Print the lines exactly. Start at the first line of the material below, end with the line that contains "6.12.1 Buy Beaumaris", and skip all pictures.

*** Opening STORED DATA ***

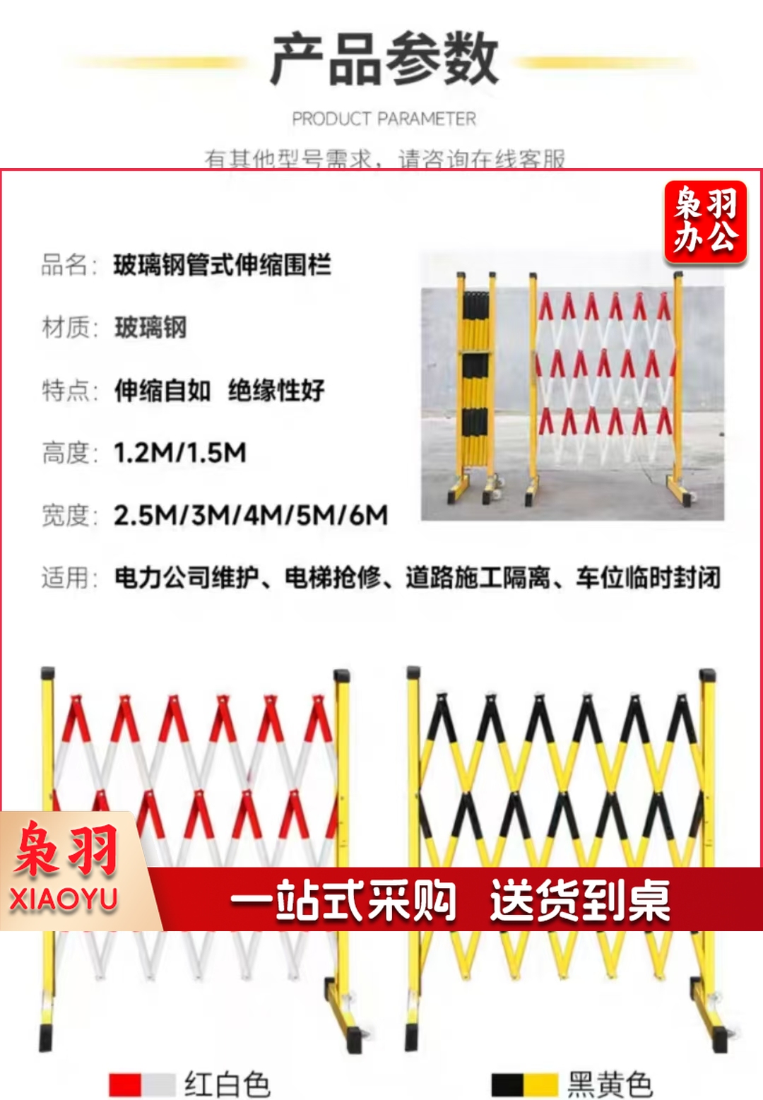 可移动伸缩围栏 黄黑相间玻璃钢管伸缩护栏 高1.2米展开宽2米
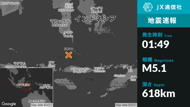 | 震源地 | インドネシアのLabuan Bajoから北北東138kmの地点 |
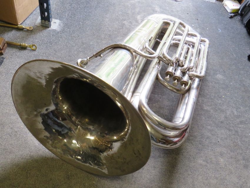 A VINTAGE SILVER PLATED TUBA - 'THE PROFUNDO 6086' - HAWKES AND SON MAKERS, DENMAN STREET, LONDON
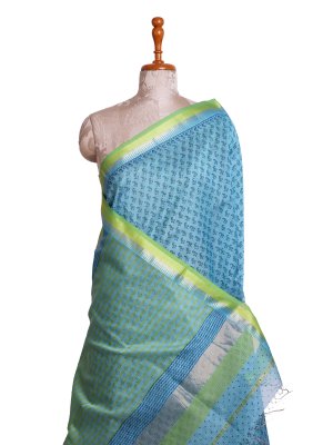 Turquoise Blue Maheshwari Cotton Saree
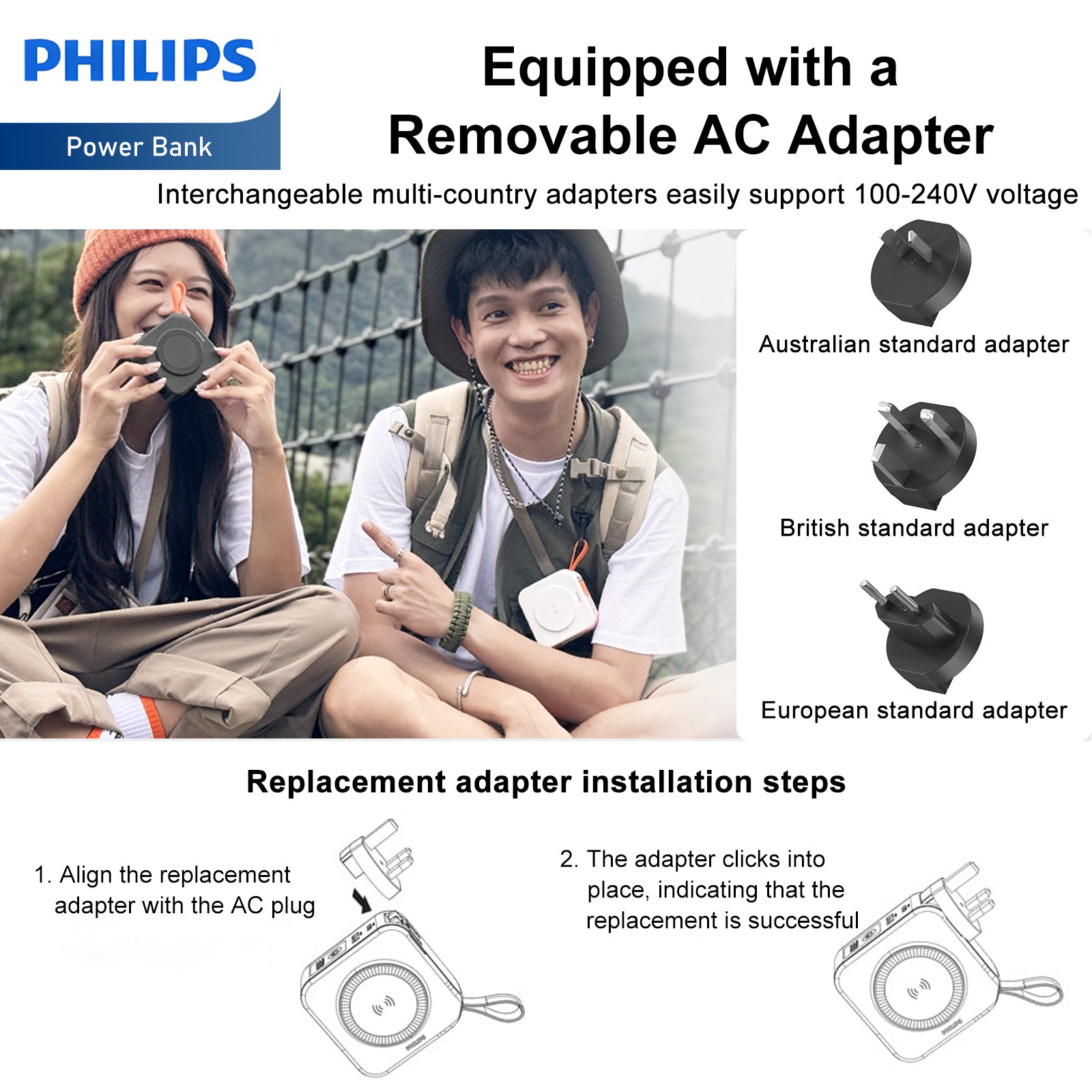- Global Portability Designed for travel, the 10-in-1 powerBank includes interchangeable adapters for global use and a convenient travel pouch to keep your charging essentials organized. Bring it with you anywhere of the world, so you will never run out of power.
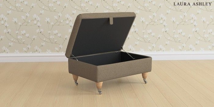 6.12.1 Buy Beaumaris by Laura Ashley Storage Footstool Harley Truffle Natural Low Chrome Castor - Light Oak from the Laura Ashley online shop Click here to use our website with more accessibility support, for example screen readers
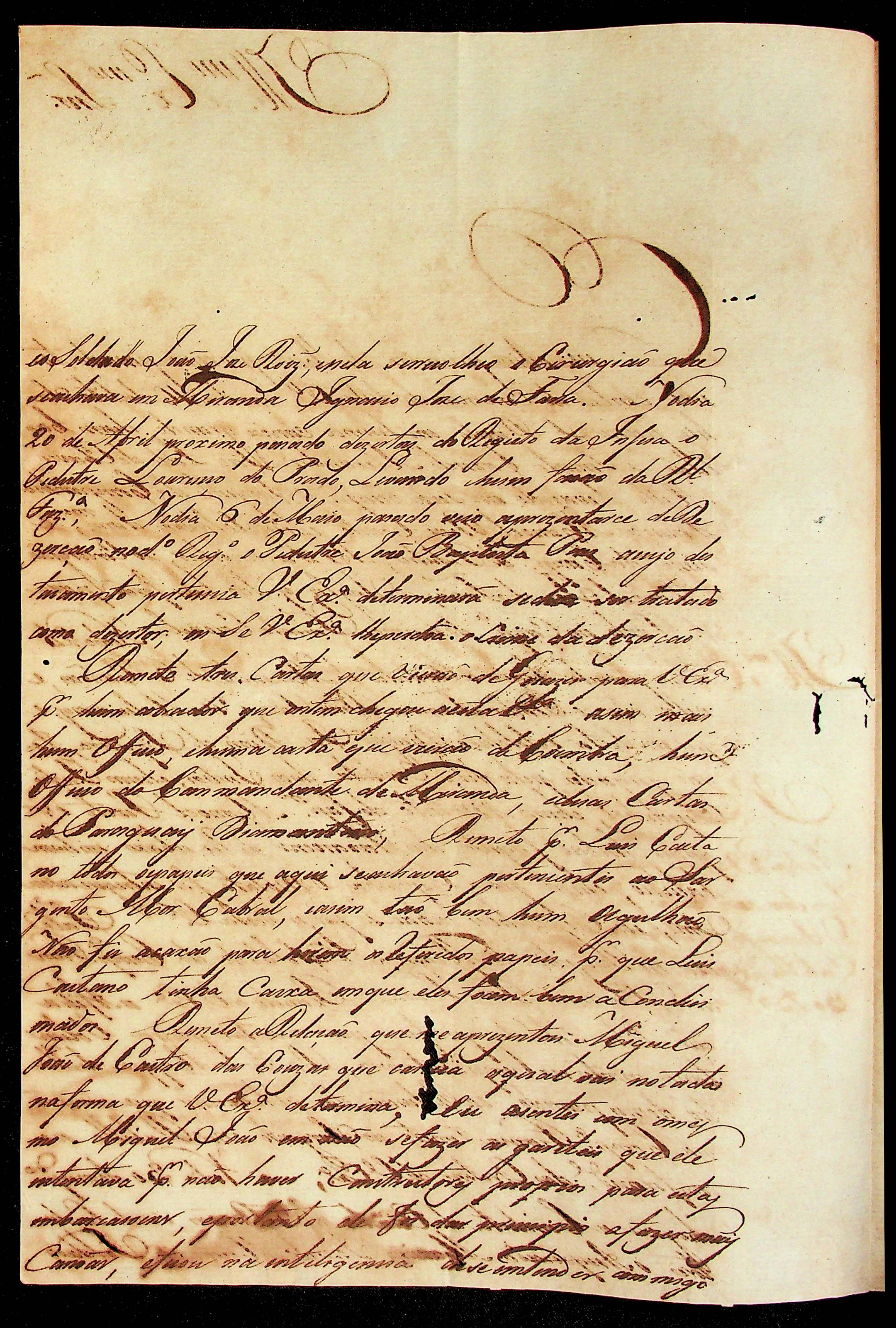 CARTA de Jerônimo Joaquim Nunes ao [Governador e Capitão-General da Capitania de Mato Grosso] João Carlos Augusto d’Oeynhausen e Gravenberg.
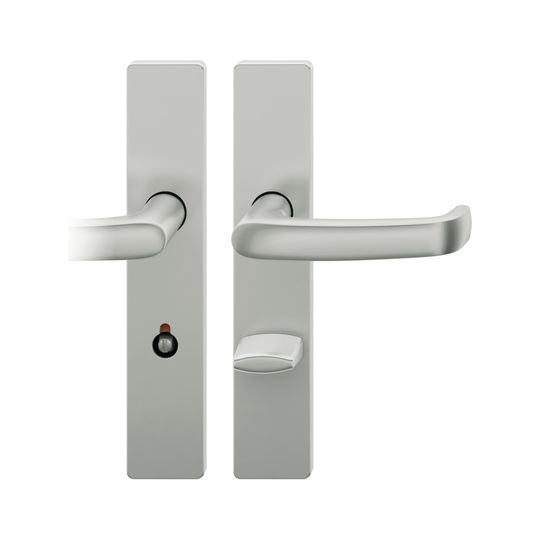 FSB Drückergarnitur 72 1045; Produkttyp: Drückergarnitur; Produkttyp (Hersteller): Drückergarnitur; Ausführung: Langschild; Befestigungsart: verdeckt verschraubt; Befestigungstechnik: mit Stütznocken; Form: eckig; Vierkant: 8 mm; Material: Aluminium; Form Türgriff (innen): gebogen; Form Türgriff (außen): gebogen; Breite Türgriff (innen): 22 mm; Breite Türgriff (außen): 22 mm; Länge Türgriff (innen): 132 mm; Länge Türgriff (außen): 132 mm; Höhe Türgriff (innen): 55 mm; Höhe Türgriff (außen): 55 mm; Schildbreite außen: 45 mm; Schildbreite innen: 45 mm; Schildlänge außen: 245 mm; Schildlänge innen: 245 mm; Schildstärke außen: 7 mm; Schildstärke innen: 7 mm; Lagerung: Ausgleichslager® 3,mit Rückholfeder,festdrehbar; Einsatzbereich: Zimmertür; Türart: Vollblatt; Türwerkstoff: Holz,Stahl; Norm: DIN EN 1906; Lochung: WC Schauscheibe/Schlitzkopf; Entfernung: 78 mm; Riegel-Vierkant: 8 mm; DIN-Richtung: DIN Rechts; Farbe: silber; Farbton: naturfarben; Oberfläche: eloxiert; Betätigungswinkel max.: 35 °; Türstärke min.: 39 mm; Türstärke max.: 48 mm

*** Closing STORED DATA ***

EXPECTED ANSWER |
 可移动伸缩围栏 黄黑相间玻璃钢管伸缩护栏 高1.2米展开宽2米
 | 震源地 | インドネシアのLabuan Bajoから北北東138kmの地点 |
 A VINTAGE SILVER PLATED TUBA - 'THE PROFUNDO 6086' - HAWKES AND SON MAKERS, DENMAN STREET, LONDON
 Turquoise Blue Maheshwari Cotton Saree
- Global Portability Designed for travel, the 10-in-1 powerBank includes interchangeable adapters for global use and a convenient travel pouch to keep your charging essentials organized. Bring it with you anywhere of the world, so you will never run out of power.
 6.12.1 Buy Beaumaris by Laura Ashley Storage Footstool Harley Truffle Natural Low Chrome Castor - Light Oak from the Laura Ashley online shop Click here to use our website with more accessibility support, for example screen readers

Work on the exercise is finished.